OKLAHOMA CITY -- Arthrocare ( ARTC) can now add a government investigation and an expanded class-action lawsuit to its long list of woes. The Austin, Texas-based medical device maker revealed on Thursday that the Securities and Exchange Commission has launched an informal inquiry into accounting issues related to a looming restatement that the company announced earlier this week. Meanwhile, securities attorneys have unveiled plans to broaden a class-action lawsuit that they filed against the company months ago. BMO analyst Joanne Wuensch has been bracing for such fallout. Even as she upgraded Arthrocare from underperform to market perform on Tuesday, citing the stock's low price after a 40% plunge, she portrayed news of the company's restatement as "likely just the first shoe to drop." Wuensch then set a new price target of $23 -- down a full $15 from her previous goal -- and specifically warned that possible government probes could prevent the stock from reaching that level. Although the shares quickly surpassed her target, climbing to a high of $27 on Wednesday, they fell back to $25.05 on news Thursday of the SEC inquiry. "And so it has begun," Wuensch mused upon first learning of Arthrocare's unreliable financial statements. "To quote Sir Walter Scott: 'Oh what a tangled web we weave, when first we practice to deceive.'" "With this piece of information in the public domain," she said of the pending restatement, "what is left is the question of what else is out there? Is there another shoe to fall? And how significant is it?"
Certainly, Arthrocare dropped the first bombshell without warning. Before announcing its planned restatement, Arthrocare kept insisting that it faced no major problems other than unfair attacks by short-sellers looking to profit on declines in its share price. In fact, just three months ago, Arthrocare was touting the fact that the Nasdaq had investigated its purchase of DiscoCare -- a mysterious outfit suspected of inflating Arthrocare's spine sales -- and promptly closed the probe without any findings of wrongdoing. "The company has no reason to believe that any other government action or regulatory inquiry, investigation or review relating to Arthrocare or DiscoCare is ongoing at this time," Arthrocare CEO Michael Baker proclaimed during the company's first-quarter conference call. In fact, "in our minds, this closes the matter." At the time, Arthrocare was handily beating Wall Street estimates -- and forecasting phenomenal growth for the future -- despite a sharp slowdown in its lucrative spine business. While Arthrocare's stock rallied on that bullish update, short-sellers never believed the company. By the time Arthrocare announced its looming restatement this week, bears had sold a full two-thirds of the company's stock short in anticipation of a big fall.

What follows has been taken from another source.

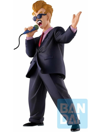 figurine de 22 cm, lui donnant une allure dynamique, communicative et débordante d'énergie. Il se casse la voix dans son costume parfaitement réalisée par une sculpture de qualité. Bien que son regard soit dissimulé par ses lunettes de soleil, on remarque toute sa passion et son énergie à travers l'expression de sa bouche et de ses sourcils. Rares sont les figurines de ce personnage, c'est l'occasion parfaite pour l'ajouter à votre collection Dragon Ball.

"Companies rarely make disclosure changes for no reason," Gradient observed back in March. "Further, for this issue to be disclosed in the form of a modified disclosure, the change (or expected change) is expected to be material to the firm's financial results." Notably, in that modified disclosure, Arthrocare revealed that it sometimes books revenue before receiving payment so long as the sales price is "fixed and determinable" and the ordered goods have been shipped. This week, however, the company admitted that prices for products sold to several distributors "cannot be considered fixed or determinable" and that past sales must be restated -- and future practices changed -- as a result. At the same time that Gradient made its prescient call about Arthrocare's revenue-recognition practices, the firm raised serious questions about Arthrocare's purchase of DiscoCare as well. After closely examining Arthrocare's balance sheet, Gradient felt that the company had overpaid for DiscoCare and could face an imminent writedown going forward. Arthrocare shelled out $25 million for DiscoCare in late 2007, shortly after critics began exposing close ties between the two companies. After that acquisition, Gradient noted, Arthrocare listed a significant jump in goodwill and "other intangible assets" -- totaling 132% of DiscoCare's purchase price -- on the company's balance sheet. Since Arthrocare had announced no other acquisitions that could explain those increases, Gradient suggested, the company may have paid a high price for a firm with "very poor" assets on hand. Like many, Gradient wondered what exactly Arthrocare got for its money.
"The 10-K provided only sparse details about the nature of operations acquired from DiscoCare," Gradient complained this spring. "In fact, we found that ARTC actually redacted or omitted a significant level of financial information contained within the stock-purchase agreement for DiscoCare." On Monday, Arthrocare itself admitted that it had improperly accounted for that transaction. Specifically, Arthrocare revealed that it should not have treated the deal as a traditional "business combination" since DiscoCare served as a sales agent for the company already. Moreover, the company said that it had improperly recorded past sales to DiscoCare as well.
But BMO's Wuensch doubts that Arthrocare will attract any buyers soon. She remembers when Bausch & Lomb wound up in a similar situation. Once the company found problems in its books, she reminds, a full 18 months passed -- bringing a slew of new problems -- before it finally sold itself. "Once an accounting group gets into an organization to start looking at it," Wuensch concluded on Tuesday, "there are many rocks that need to be turned over in the process of giving an 'all-clear' signal."